**Directions:**
Print the listing below from its opening line through the line holding "Illuminators Tattoo 5E.", both ends included.

**Information supplied:**
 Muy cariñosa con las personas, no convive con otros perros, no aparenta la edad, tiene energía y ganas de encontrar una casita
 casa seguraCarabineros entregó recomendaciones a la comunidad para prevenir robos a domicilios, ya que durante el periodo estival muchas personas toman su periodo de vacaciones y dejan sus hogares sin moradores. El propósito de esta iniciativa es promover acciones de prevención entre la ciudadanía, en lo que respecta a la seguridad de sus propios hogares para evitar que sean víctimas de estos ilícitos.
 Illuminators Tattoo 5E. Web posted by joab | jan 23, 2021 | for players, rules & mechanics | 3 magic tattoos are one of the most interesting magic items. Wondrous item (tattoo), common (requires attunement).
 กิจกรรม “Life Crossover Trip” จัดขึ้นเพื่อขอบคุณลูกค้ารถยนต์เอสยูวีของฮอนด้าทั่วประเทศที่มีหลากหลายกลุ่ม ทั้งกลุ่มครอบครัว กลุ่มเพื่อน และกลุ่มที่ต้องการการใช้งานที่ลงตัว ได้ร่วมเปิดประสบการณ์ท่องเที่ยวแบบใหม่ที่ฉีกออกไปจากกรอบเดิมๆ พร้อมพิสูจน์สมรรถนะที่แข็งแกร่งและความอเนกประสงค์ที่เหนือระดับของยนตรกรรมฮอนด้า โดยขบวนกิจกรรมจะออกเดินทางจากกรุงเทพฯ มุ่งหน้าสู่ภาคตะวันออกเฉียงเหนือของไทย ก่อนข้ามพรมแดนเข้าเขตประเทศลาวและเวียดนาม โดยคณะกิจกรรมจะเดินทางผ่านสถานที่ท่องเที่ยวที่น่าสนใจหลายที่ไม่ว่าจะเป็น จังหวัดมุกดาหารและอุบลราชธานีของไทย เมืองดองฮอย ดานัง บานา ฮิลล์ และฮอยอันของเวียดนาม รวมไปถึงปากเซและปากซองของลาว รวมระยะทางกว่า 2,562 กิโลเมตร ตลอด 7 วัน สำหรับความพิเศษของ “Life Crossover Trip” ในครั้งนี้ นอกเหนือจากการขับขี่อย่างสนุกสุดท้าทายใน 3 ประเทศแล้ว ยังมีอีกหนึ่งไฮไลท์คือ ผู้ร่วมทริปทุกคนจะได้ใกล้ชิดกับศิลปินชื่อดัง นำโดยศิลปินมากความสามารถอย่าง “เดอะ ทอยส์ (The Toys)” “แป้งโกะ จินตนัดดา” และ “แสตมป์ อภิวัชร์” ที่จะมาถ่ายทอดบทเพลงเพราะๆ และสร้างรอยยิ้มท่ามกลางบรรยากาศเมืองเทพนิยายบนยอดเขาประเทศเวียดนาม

**Task response:**
 Muy cariñosa con las personas, no convive con otros perros, no aparenta la edad, tiene energía y ganas de encontrar una casita
 casa seguraCarabineros entregó recomendaciones a la comunidad para prevenir robos a domicilios, ya que durante el periodo estival muchas personas toman su periodo de vacaciones y dejan sus hogares sin moradores. El propósito de esta iniciativa es promover acciones de prevención entre la ciudadanía, en lo que respecta a la seguridad de sus propios hogares para evitar que sean víctimas de estos ilícitos.
 Illuminators Tattoo 5E. Web posted by joab | jan 23, 2021 | for players, rules & mechanics | 3 magic tattoos are one of the most interesting magic items. Wondrous item (tattoo), common (requires attunement).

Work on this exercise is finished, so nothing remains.